Interview: Sumit Dhingra, VP and GM, India and Southeast Asia, Crocs

By: |
July 02, 2021 6:42 AM

‘The whole world is moving towards casualisation’

As of now, about 50% of our business comes from the top eight cities in India, says DhingraAs of now, about 50% of our business comes from the top eight cities in India, says Dhingra

As the demand for casual footwear surged during the pandemic, Crocs registered a growth of 12.6% y-o-y globally, and clocked in a revenue of $1.4 bn in 2020. Sumit Dhingra speaks to Venkata Susmita Biswas about expanding the company’s retail footprint in India with a special focus on non-metros, and the role digital will play in driving sales.

Crocs earned its highest quarterly revenue of $460 million globally in Jan-March 2021 and saw record sales in 2020. Is the India story similar?

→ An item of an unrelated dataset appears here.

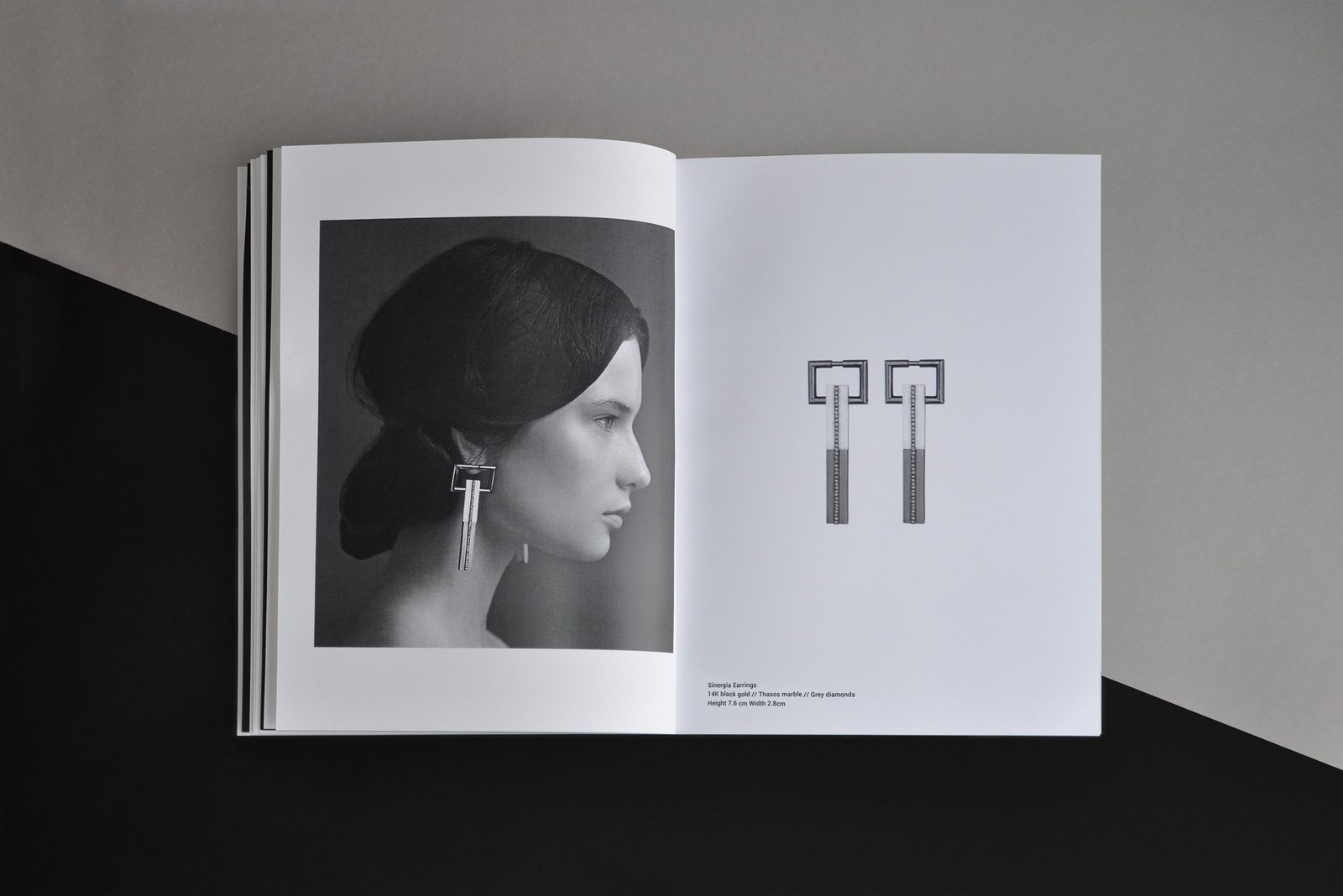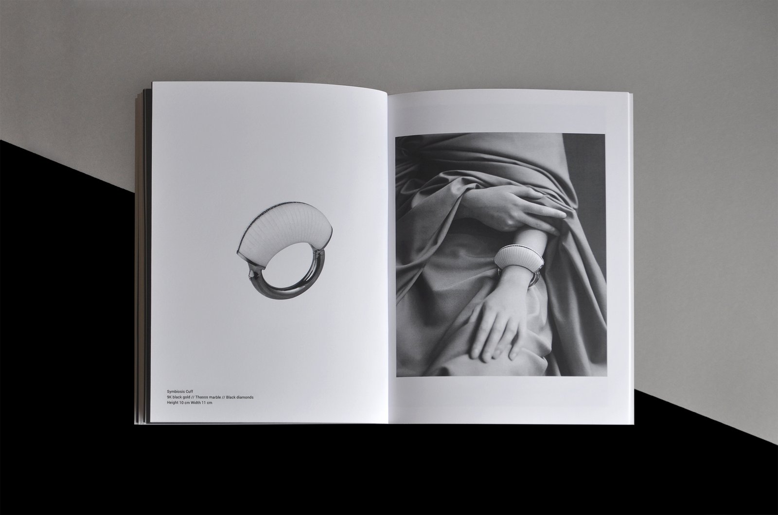 The look book presents the precious jewelries as sculptural pieces which stand in the central point creating dialogues with the photographs and co-exist in a symbiotic relationship. The contrast of black and white flows inside the pages with minimal forms and different sizes creating a harmonic final result which engages the whole collection and reflects the brand’s aesthetic and the designer’s vision of precious jewelry.
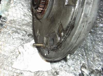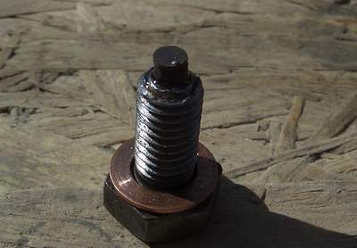 Also bohre ich einfach in die Ölablaßchraube ein Loch und klebe dort mit Epoxydharz einen kleinen Magneten ein. Somit holt man beim Ölwechsel auch gleich einen ganzen Rutsch Metallspäne mit raus.

We have navigated the pandemic, which has lasted longer than we expected, very well. Last year was our best year ever. The whole world is moving towards ‘casualisation’, and that trend is here to stay. Pairing Crocs with an athleisure ensemble looks great. One of the reasons we are seeing great traction is that we entered the crisis in a position of strength. We target Gen Z and women explorer cohorts. We had initiatives in place to reach out to them using the digital medium.

Our collaborations with various personalities and brands have worked well for us. Bringing Priyanka Chopra Jonas as our global brand ambassador has helped our business in India. We have had successful collaborations with Post Malone, Justin Bieber, KFC, etc. These partnerships have expanded the possibilities in which clogs could be imagined for consumers.

Our shoes are versatile and our products appeal to people of all age groups; this makes Crocs a democratic brand. Innovation drives our brand and we have been introducing several models like the LiteRide and Reviva that go beyond the classic clogs.

You launched a few new stores in early 2021. What kind of markets are you considering for further retail expansion?

We started the year with 150 stores; now, in mid-2021, we have 173 stores. This is up from 100 in 2018. We are very well poised to take this network to 220 this year. The bulk of the new stores will be in the non-metros. As of now, about 50% of our business comes from the top eight cities in India. Only one-third of our stores are in these eight cities.

Since the pandemic, we have observed that people have preferred to shop on high streets way more than malls. Therefore, we are looking at an expansion strategy where we look at tier II and III markets, where there are not too many malls, more favourably. Last year, we saw that demand in these markets was better than in the bigger cities.

Further, we are making offline stores more engaging for our consumers through Jibbitz. These are charms that can be added to Crocs to personalise them. Personalisation is a mega trend among Gen Z consumers. The Jibbitz bar piques people’s curiosity and helps increase footfall.

Early on in the pandemic, Crocs India held multiple live shopping events. Is this format here to stay?

Our digital initiatives helped us reach consumers effectively. While people can always access our products online, they cannot experience the product the same way. That is why we decided to go live from our store. During the live, the product’s features could be shared in an interactive manner online. We were surprised by the response, and believe that this channel is here to stay and worth pursuing. Only time will tell how big it will become.

We also do virtual store visits over video conferencing. We send our catalogue to consumers over digital platforms, and once the consumer chooses the product, it is shipped to them. Consumer habits have changed and that is being reflected in our digital growth. In 2020, our e-commerce business accelerated and saw 60% growth over 2019.

Analysts were expecting the footwear market to return to normalcy by mid-2021. What is the year looking like for you at Crocs?

This quarter has been tough for several brands because of the restrictions on both online and offline sales. In the long run, demand will return just the way it did last year. Since October 2020, we have been seeing positive counts in our stores. In 2021, we will be growing more than 2019, despite the lockdowns in the April-June quarter. We are expecting close to 25% growth this year, over 2019.